Every entry must reappear in your answer exactly as written, though its pictures must not.

*** Opening of Data extract ***

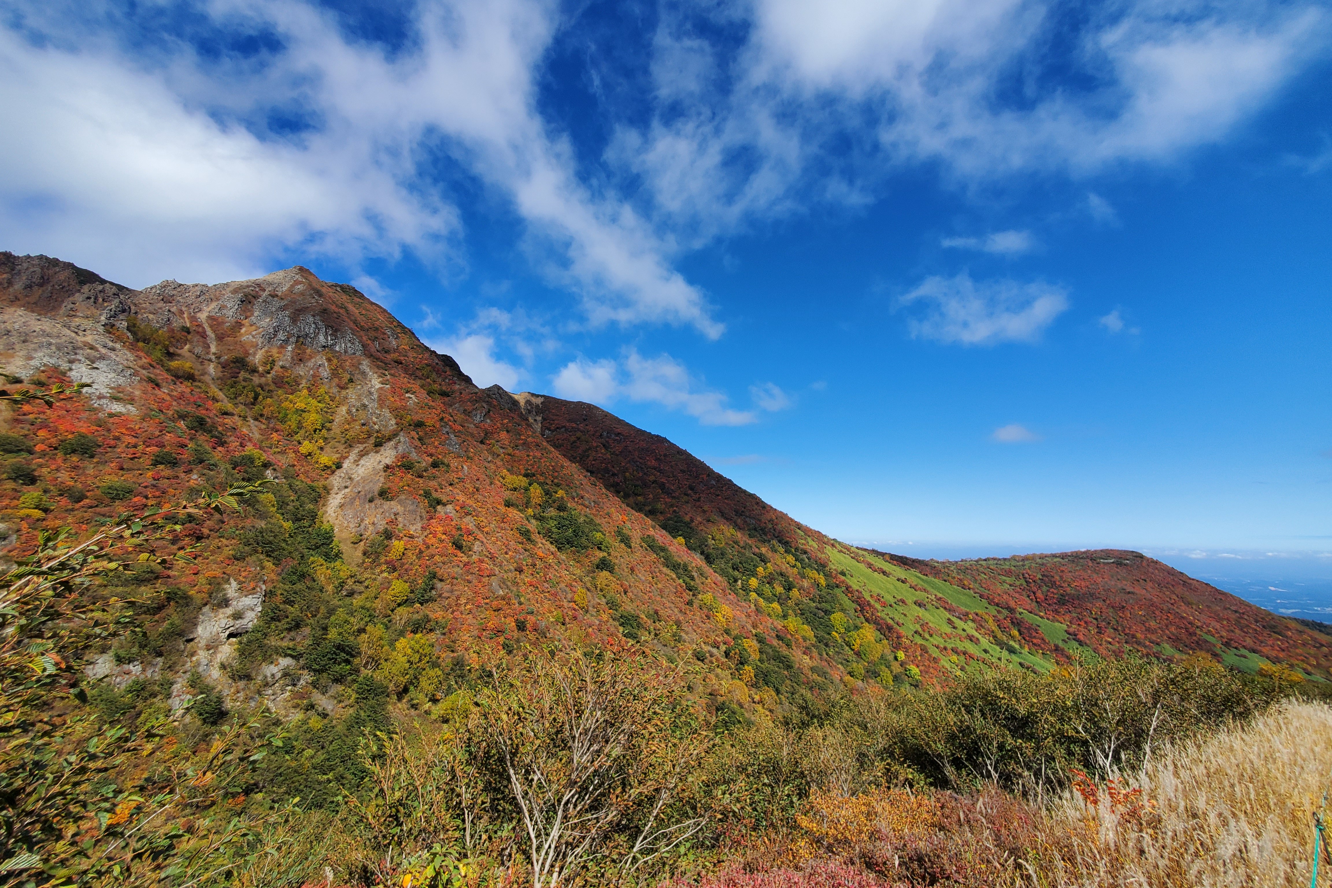 那須の紅葉は主峰、茶臼岳の裏側にある姥ヶ平周辺から始まり、少しずつ山を下りてきます。
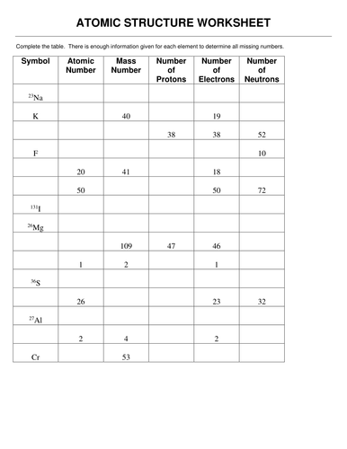 Basic atomic structure worksheet h and the 1. Science 9/ period 11 chapter 19. Atomic structure worksheet this worksheet is used to have students practice identifying atomic structure. 29/10/2018 03/09/2019 · worksheet by lucas kaufmann. The number of protons in.
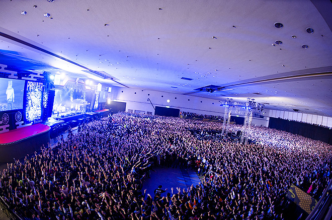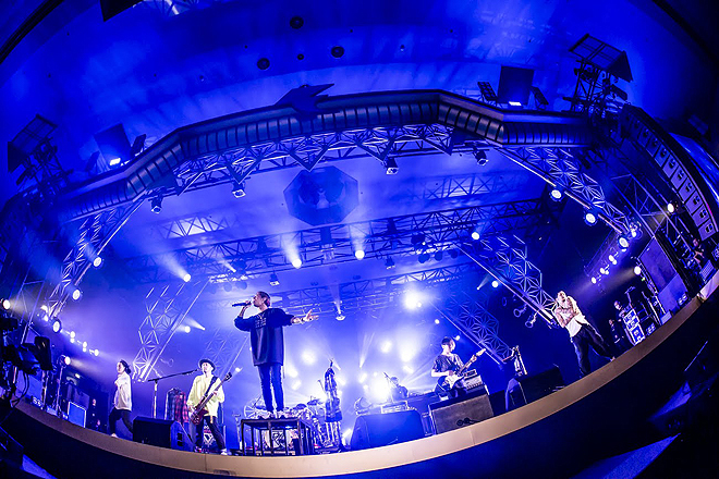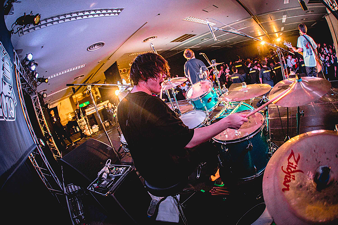 HATANO(Dr.)が「さぁ、今年もどんくらいすげぇか見せてくれよ。派手にいこうぜ!」と言って始まったHawaiian6。オーディエンスも彼らのライブの楽しみ方を存分に心得ており、最初から全開&全力で音に乗る。「Haze」の流れるメロディに身を任せた観客がサビでダイバーとなって打ち上がり、「I BELIEVE」ではYUTA(G./Vo.)が振り上げると同時に全員でジャンプ。ここには楽しい瞬間しか存在しない。
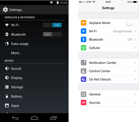Android settings without right-pointing carets in line items vs. iOS settings.
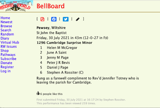 Ian Wyld's Highworth ringing outing, July 2019
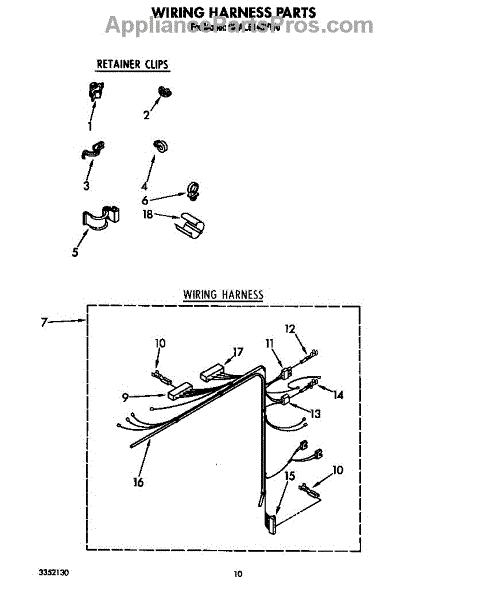 Parts for Whirlpool 6MAL5143VW0: Wiring Harness Parts
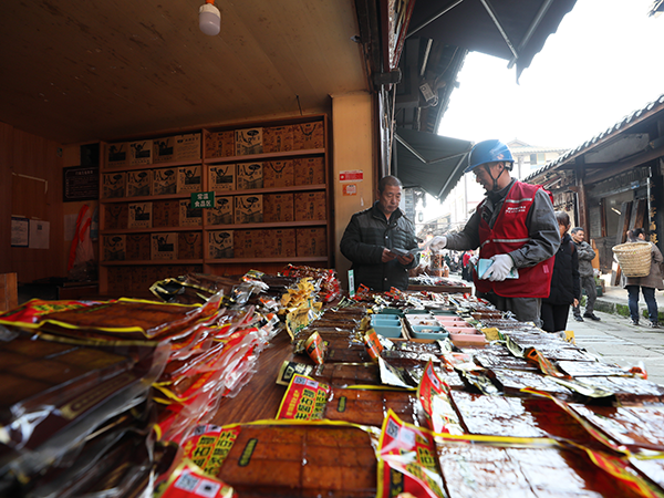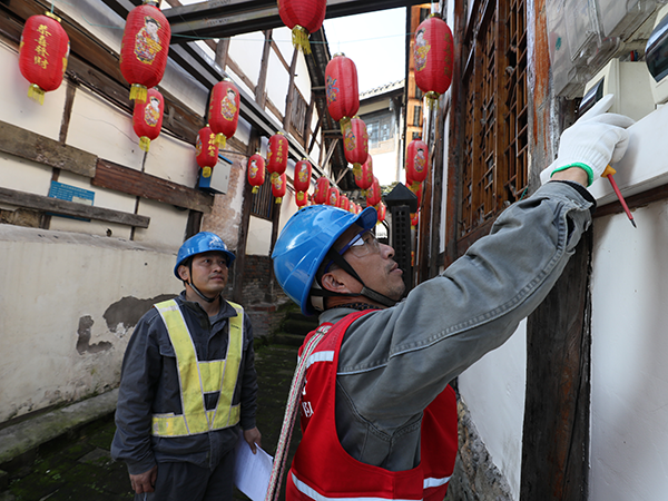 国网重庆市南供电公司员工深入古镇开展用电安全检查。
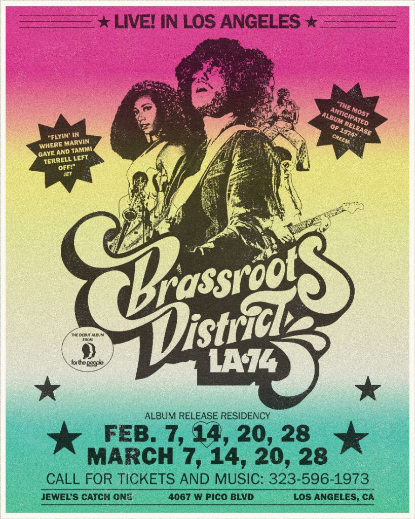 The new single, “Takin’ Back Day Dreamin’” (ft. Robert Randolph), is a pedal-steel-laced slow burn that dares listeners to reclaim their wonder. It’s a dreamscape drenched in groove – and the latest sonic dispatch ahead of the band’s immersive album release residency, Brassroots District: LA ’74, launching February 7th at Jewel’s Catch One.
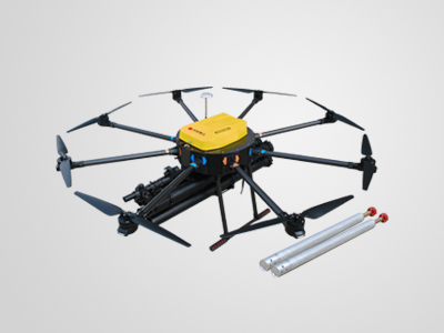 - 空中消防灭火功能:可一次性搭载4 枚灭火弹,发射器由专用支架固定悬挂于无人机腹部,由无人机操控人员控制瞄准与发射。

*** Close of Data extract ***

- Answer to this task -
 那須の紅葉は主峰、茶臼岳の裏側にある姥ヶ平周辺から始まり、少しずつ山を下りてきます。
 Basic atomic structure worksheet h and the 1. Science 9/ period 11 chapter 19. Atomic structure worksheet this worksheet is used to have students practice identifying atomic structure. 29/10/2018 03/09/2019 · worksheet by lucas kaufmann. The number of protons in.
 HATANO(Dr.)が「さぁ、今年もどんくらいすげぇか見せてくれよ。派手にいこうぜ!」と言って始まったHawaiian6。オーディエンスも彼らのライブの楽しみ方を存分に心得ており、最初から全開&全力で音に乗る。「Haze」の流れるメロディに身を任せた観客がサビでダイバーとなって打ち上がり、「I BELIEVE」ではYUTA(G./Vo.)が振り上げると同時に全員でジャンプ。ここには楽しい瞬間しか存在しない。
Android settings without right-pointing carets in line items vs. iOS settings.
 Ian Wyld's Highworth ringing outing, July 2019
 Parts for Whirlpool 6MAL5143VW0: Wiring Harness Parts
 国网重庆市南供电公司员工深入古镇开展用电安全检查。
 The new single, “Takin’ Back Day Dreamin’” (ft. Robert Randolph), is a pedal-steel-laced slow burn that dares listeners to reclaim their wonder. It’s a dreamscape drenched in groove – and the latest sonic dispatch ahead of the band’s immersive album release residency, Brassroots District: LA ’74, launching February 7th at Jewel’s Catch One.
 - 空中消防灭火功能:可一次性搭载4 枚灭火弹,发射器由专用支架固定悬挂于无人机腹部,由无人机操控人员控制瞄准与发射。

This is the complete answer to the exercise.